Несмотря на горький опыт неудачного завязывания новых знакомств в детсаду, Алеша не страшился подойти и заговорить первым, особенно когда незнакомые дети не имели численного перевеса. Он был довольно крупным мальчиком — сказывалась шоколадная диета мамы во время беременности, и это придавало ему уверенности при встречах с ребятами своего возраста.
Подходящего друга с улицы он выискал всего за три дома. Худенький, горбоносый, кучерявый мальчуган в теплой голубой кофточке на пуговках, в осенней шапочке не по сезону, с завязками под подбородком и несуразным, огромным помпоном на макушке, забавлялся довольно однообразной игрой и, видно, не особо томился одиночеством. Он влезал с ногами на старую некрашеную лавочку у соседского палисадника, выпрямлялся во весь небольшой рост и спрыгивал вниз, в траву, после чего ряд незамысловатых движений повторялся сызнова.
— Давай прыгать вместе, — дружелюбно предложил Алеша после нескольких минут безмолвного наблюдения за соскоками незнамого мальчугана.
— Давай, — с готовностью согласился тот.
— Тебя как зовут? — поинтересовался Панаров, взобравшись на лавочку и поднявшись на ноги.
— С-степа, — немножко заикаясь, ответил ему новоиспеченный знакомец, уже почти дружок.
— А меня Алеша… Я вон там живу. Где вишня и черемуха.
Степа рос в семье с мамой, работавшей в одном из цехов на «Маяке Октября», и строгим отчимом, которого должно было именовать «папа Юра», с того же завода. Отчим кричал на пасынка и часто нещадно порол его ремнем почем зря. Пожалуй, потому тот и начал заикаться. Но утверждал, что когда-то давно его настращала большая черная собака — только он этого уже не помнит. Его мама, добросердечная и робкая женщина, искренне считала, что мальчику в семье нужен мужчина.
Других детей в доме Степы не было. Во дворе у них жила мелкая, но злющая дворняга, а в сарае похрюкивал упитанный поросенок, очевидно, до поры успешно скрывавшийся от недоброго ока Козляева.
Вскоре у Алеши объявился и второй приятель — Степин давний знакомый, представленный ему со всеми полагающимися формальностями.

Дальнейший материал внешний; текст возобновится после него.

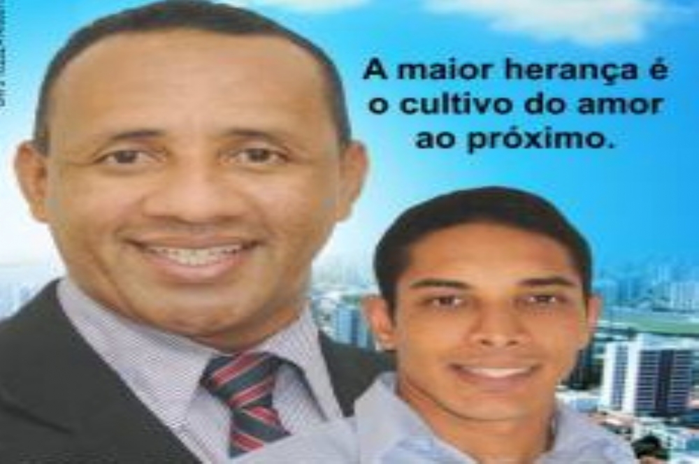 | Adelson Barreto ao lado do filho afetivo (Foto: Reprodução Cartaz campanha) |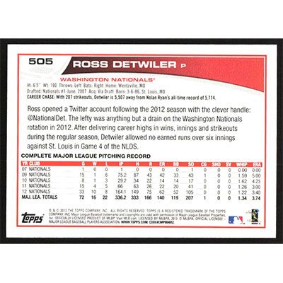 This is a 2013 Topps Ross Detwiler baseball card. The card is #505 and pictures show condition.

«Я Павлушка, — бойко заявил темненький, загорелый сорванец, делая ударение в имени на «у», — у меня есть настоящая пограничная овчарка Найда».
Найда оказалась той еще стервой, готовой растерзать все живое, двигавшееся мимо палисадника, за забором которого, выкрашенным в темно-коричневый цвет, она носилась из конца в конец, словно осатанелая фурия, без привязи.
Вероятнее всего, Найда была списана не с погранзаставы, а из охранного питомника колонии «химиков» и не забыла свои вертухайские замашки. Всякий раз, когда друзья приходили поиграть к Павлушке, отец запирал Найду в сарае, где она выла, рычала, лаяла и бесновалась все время, что детвора проводила во дворе.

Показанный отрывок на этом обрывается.